# Mom & Baby look alikes!



## Mocha26 (Oct 27, 2010)

Mocha had a baby a few years back. Her name is Bailey. These pictures are from this summer. Both Mocha & Bailey have the same markings everywhere it's so cool!
































Anyone else seen this? I think it's soo cool!


----------



## Poseidon (Oct 1, 2010)

Abby doesn't have her mom's markings, but she has the exact same body. Her papers are still in her mom's owner's name, so I looked her up on facebook and showed her pictures of Abby. She thought they looked the same too.

Abby's mom. I believe her name is Jess. She's the buckskin overo on the left.









Abby. Her head looks really dumb in this picture..but whatever and this is the best side picture I have.


----------



## Mocha26 (Oct 27, 2010)

Oh wow! that's cool! they're build is the exact same!  & they're both gorgeous by the way!!
_Posted via Mobile Device_


----------



## Alwaysbehind (Jul 10, 2009)

Though do have similar markings on their body and neck (not legs) though one is a buckskin and one is a palomino, so saying they look alike is stretching it.


----------



## Mocha26 (Oct 27, 2010)

Well I mean duh on the different colors. Of course a palomino isn't going to have black legs Lol but I've just never seen horses & they're mother having such close markings. No they don't look alike per say but I think you can tell they're mother & child.
_Posted via Mobile Device_


----------



## haviris (Sep 16, 2009)

Can't see them enough to really see, but that is really neat! We had a mother daughter that looked alot alike, they actually didn't have any markings, both were completely solid, mom was black and daughter was red, but they were built identical.
_Posted via Mobile Device_


----------



## VelvetsAB (Aug 11, 2010)

_We had a sister and brother look alike. They actually ended up going to the same Mennonite guy who wanted a pair of flashy church horses. They both had 2 hind stockings and I think both had narrow blazes. Or one had a blaze and the other had a star and a snip._


----------



## lilruffian (Jun 28, 2010)

I have pics of sire-daughter/son look-alikes.
First picture is of an AQHA stud Colonels Peppy Lena, followed by 2 photos of a filly he sired out of my WelshXQH mare named Lovely Little Lena as well as a shot of his very first foal, General (a yearling in the pic).
They both got their father's head, temperment and coat color. In the sun Lena & General both shone the same bright bloodbay as their sire and General's body markings were identical to those of Colonel's.

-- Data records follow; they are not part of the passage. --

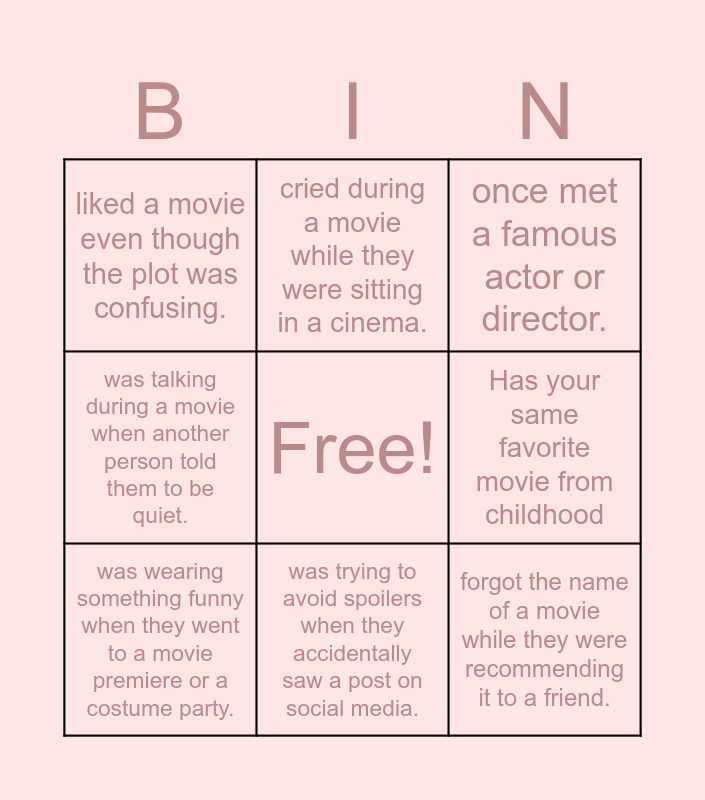 This bingo card has a free space and 8 words: Has your same favorite movie from childhood, once met a famous actor or director., cried during a movie while they were sitting in a cinema., was wearing something funny when they went to a movie premiere or a costume party., liked a movie even though the plot was confusing., forgot the name of a movie while they were recommending it to a friend., was talking during a movie when another person told them to be quiet. and was trying to avoid spoilers when they accidentally saw a post on social media..
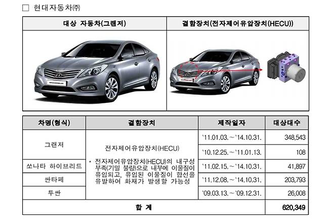 특히 그랜저(62만 349대)와 싼타페(20만 3,793대)는 전자제어유압장치(HECU)의 내구성 부족으로 인해 화재 위험이 제기되었다.
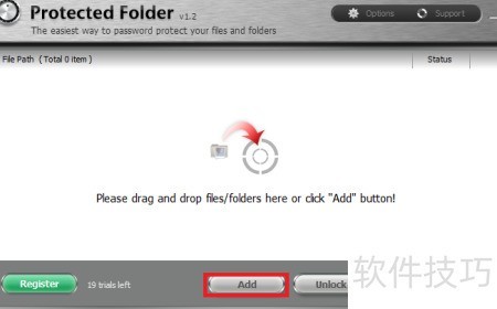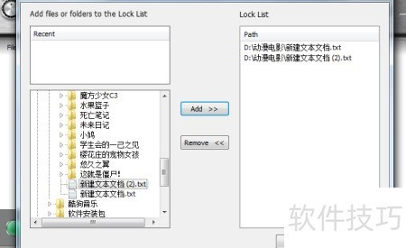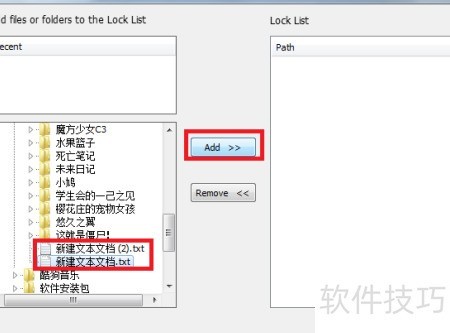 3、 点击Add可添加文件或文件夹,我选中了D盘的一个文件,添加后右侧框内即显示为待加密的文件。
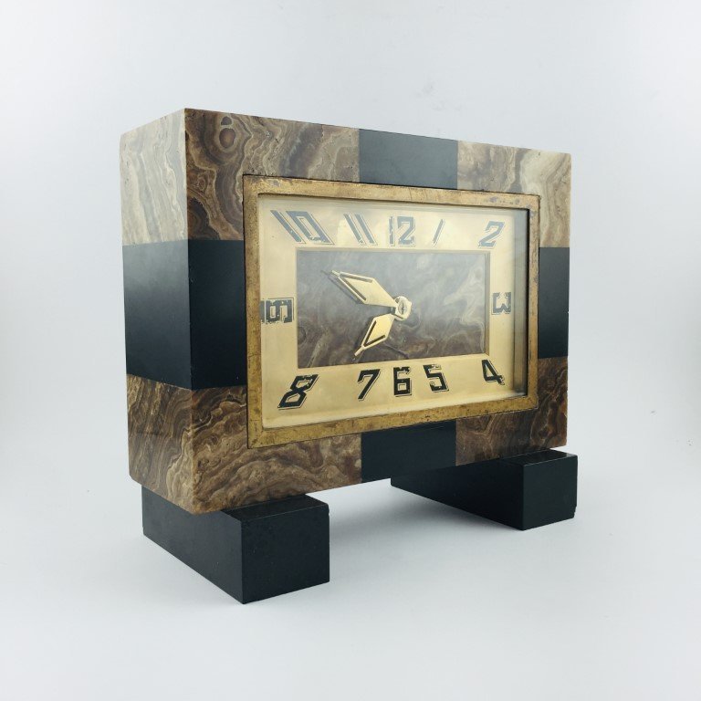 Reloj de sobremesa art decó. Caja en mármol marrón y granito negro. Esfera y agujas en bronce. Funcionando. 24 x 27 x 13 cm.
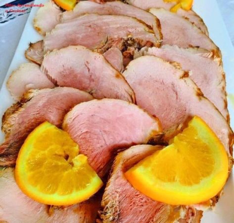 - Descanso y Servir: Una vez que esté cocido, retira el jamón del horno y déjalo reposar durante 15-20 minutos antes de cortarlo. Sirve las rebanadas con los jugos de la bandeja y decora con ramitas de romero y rodajas de naranja.

Next is a pic of my '09 filly Mouse and her sire Docs Golden Edition:wink:


----------



## lilkitty90 (Nov 11, 2009)

this is a filly i was looking at and her sire and the marking on their shoulder and their blaze are pretty similar.


----------



## Abbygirl (Oct 20, 2008)

They don't look alike, but have the same marish attitude.


----------



## Citrus (Feb 26, 2010)

These are not mom and baby, although Citrus does look alot like his mom (even facial expressions).... this is my first horse and current horse.... Splash is now 19 years old and I owned him from 1-5, Citrus is now 5 and we bought him last February when he was 4(late June baby).... amazing, eh? Splash has less white on his nose.....


----------



## Amlalriiee (Feb 22, 2010)

okay, so the "baby" is 4 now...but they look a LOT alike and even act a lot alike too!

Mom on right, baby on left:








Same order:









Mom and baby amongst other horses:


----------



## tempest (Jan 26, 2009)

If I could, I'd show you pictures of one of my RI's old studs and the picture of his last baby. Except for a hind sock and a stripe on his face instead of a blaze, the baby could be a duplicate for the stud.


----------



## Mocha26 (Oct 27, 2010)

Oh wow! You guys all have a bunch of cuties! 
_Posted via Mobile Device_


----------



## apachiedragon (Apr 19, 2008)

Dragon (shown here as a baby) and his sire Patch, had their white spots in all the same places, but their faces were the most alike.


----------



## riccil0ve (Mar 28, 2009)

I wish I had pictures of Ricci's filly she had the SAME markings as Ricci, just the opposite side. I've only seen pictures, so there is no way for me to share anything but a Ricci picture. =]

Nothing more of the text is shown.